* **PROMPT**: A faithful, complete copy of the entries is the sole expected answer.

* * * * *

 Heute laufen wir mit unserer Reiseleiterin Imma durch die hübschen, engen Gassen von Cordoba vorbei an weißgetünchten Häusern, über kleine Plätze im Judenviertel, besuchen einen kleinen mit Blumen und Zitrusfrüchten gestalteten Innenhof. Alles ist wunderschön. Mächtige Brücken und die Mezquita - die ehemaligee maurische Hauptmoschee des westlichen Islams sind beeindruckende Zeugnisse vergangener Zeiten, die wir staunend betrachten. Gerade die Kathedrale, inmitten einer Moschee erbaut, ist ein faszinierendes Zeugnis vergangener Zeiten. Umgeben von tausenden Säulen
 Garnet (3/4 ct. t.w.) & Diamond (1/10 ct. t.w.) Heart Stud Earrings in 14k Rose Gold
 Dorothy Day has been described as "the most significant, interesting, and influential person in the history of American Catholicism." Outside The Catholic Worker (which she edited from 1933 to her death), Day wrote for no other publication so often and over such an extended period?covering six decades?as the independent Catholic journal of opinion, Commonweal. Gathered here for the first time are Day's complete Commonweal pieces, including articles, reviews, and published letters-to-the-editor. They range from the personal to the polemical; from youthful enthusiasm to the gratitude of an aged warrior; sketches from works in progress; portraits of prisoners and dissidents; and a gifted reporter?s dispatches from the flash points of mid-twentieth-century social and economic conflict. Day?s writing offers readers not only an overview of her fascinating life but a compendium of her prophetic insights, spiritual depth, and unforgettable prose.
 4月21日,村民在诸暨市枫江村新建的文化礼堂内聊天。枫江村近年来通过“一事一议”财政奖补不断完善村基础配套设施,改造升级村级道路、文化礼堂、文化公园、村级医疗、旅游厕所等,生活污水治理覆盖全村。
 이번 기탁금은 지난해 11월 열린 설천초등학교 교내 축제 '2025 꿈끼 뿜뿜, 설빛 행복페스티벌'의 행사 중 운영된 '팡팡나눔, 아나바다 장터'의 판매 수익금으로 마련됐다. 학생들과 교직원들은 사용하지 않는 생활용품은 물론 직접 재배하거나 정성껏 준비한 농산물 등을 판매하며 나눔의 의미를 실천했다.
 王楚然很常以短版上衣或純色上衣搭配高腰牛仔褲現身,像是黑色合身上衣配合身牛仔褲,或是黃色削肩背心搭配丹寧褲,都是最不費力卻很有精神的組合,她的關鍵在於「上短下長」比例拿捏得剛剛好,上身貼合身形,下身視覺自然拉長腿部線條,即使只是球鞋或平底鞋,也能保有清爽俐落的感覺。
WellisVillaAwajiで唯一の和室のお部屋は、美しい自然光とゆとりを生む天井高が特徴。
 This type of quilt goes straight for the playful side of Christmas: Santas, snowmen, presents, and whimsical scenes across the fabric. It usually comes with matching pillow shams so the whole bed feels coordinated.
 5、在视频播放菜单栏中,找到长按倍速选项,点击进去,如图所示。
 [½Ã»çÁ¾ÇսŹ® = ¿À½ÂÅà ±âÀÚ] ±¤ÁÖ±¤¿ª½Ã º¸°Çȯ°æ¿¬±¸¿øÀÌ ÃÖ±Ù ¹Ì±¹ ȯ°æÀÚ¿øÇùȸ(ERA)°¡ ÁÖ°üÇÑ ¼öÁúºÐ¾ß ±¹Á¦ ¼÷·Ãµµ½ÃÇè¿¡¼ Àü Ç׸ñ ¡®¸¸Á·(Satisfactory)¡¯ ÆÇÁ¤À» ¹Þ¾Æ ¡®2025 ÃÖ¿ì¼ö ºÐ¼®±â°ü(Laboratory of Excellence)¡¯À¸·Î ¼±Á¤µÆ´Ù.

* * * * *

* **FINISHED EXERCISE**:
 Heute laufen wir mit unserer Reiseleiterin Imma durch die hübschen, engen Gassen von Cordoba vorbei an weißgetünchten Häusern, über kleine Plätze im Judenviertel, besuchen einen kleinen mit Blumen und Zitrusfrüchten gestalteten Innenhof. Alles ist wunderschön. Mächtige Brücken und die Mezquita - die ehemaligee maurische Hauptmoschee des westlichen Islams sind beeindruckende Zeugnisse vergangener Zeiten, die wir staunend betrachten. Gerade die Kathedrale, inmitten einer Moschee erbaut, ist ein faszinierendes Zeugnis vergangener Zeiten. Umgeben von tausenden Säulen
 Garnet (3/4 ct. t.w.) & Diamond (1/10 ct. t.w.) Heart Stud Earrings in 14k Rose Gold
 Dorothy Day has been described as "the most significant, interesting, and influential person in the history of American Catholicism." Outside The Catholic Worker (which she edited from 1933 to her death), Day wrote for no other publication so often and over such an extended period?covering six decades?as the independent Catholic journal of opinion, Commonweal. Gathered here for the first time are Day's complete Commonweal pieces, including articles, reviews, and published letters-to-the-editor. They range from the personal to the polemical; from youthful enthusiasm to the gratitude of an aged warrior; sketches from works in progress; portraits of prisoners and dissidents; and a gifted reporter?s dispatches from the flash points of mid-twentieth-century social and economic conflict. Day?s writing offers readers not only an overview of her fascinating life but a compendium of her prophetic insights, spiritual depth, and unforgettable prose.
 4月21日,村民在诸暨市枫江村新建的文化礼堂内聊天。枫江村近年来通过“一事一议”财政奖补不断完善村基础配套设施,改造升级村级道路、文化礼堂、文化公园、村级医疗、旅游厕所等,生活污水治理覆盖全村。
 이번 기탁금은 지난해 11월 열린 설천초등학교 교내 축제 '2025 꿈끼 뿜뿜, 설빛 행복페스티벌'의 행사 중 운영된 '팡팡나눔, 아나바다 장터'의 판매 수익금으로 마련됐다. 학생들과 교직원들은 사용하지 않는 생활용품은 물론 직접 재배하거나 정성껏 준비한 농산물 등을 판매하며 나눔의 의미를 실천했다.
 王楚然很常以短版上衣或純色上衣搭配高腰牛仔褲現身,像是黑色合身上衣配合身牛仔褲,或是黃色削肩背心搭配丹寧褲,都是最不費力卻很有精神的組合,她的關鍵在於「上短下長」比例拿捏得剛剛好,上身貼合身形,下身視覺自然拉長腿部線條,即使只是球鞋或平底鞋,也能保有清爽俐落的感覺。
WellisVillaAwajiで唯一の和室のお部屋は、美しい自然光とゆとりを生む天井高が特徴。
 This type of quilt goes straight for the playful side of Christmas: Santas, snowmen, presents, and whimsical scenes across the fabric. It usually comes with matching pillow shams so the whole bed feels coordinated.
 5、在视频播放菜单栏中,找到长按倍速选项,点击进去,如图所示。
 [½Ã»çÁ¾ÇսŹ® = ¿À½ÂÅà ±âÀÚ] ±¤ÁÖ±¤¿ª½Ã º¸°Çȯ°æ¿¬±¸¿øÀÌ ÃÖ±Ù ¹Ì±¹ ȯ°æÀÚ¿øÇùȸ(ERA)°¡ ÁÖ°üÇÑ ¼öÁúºÐ¾ß ±¹Á¦ ¼÷·Ãµµ½ÃÇè¿¡¼ Àü Ç׸ñ ¡®¸¸Á·(Satisfactory)¡¯ ÆÇÁ¤À» ¹Þ¾Æ ¡®2025 ÃÖ¿ì¼ö ºÐ¼®±â°ü(Laboratory of Excellence)¡¯À¸·Î ¼±Á¤µÆ´Ù.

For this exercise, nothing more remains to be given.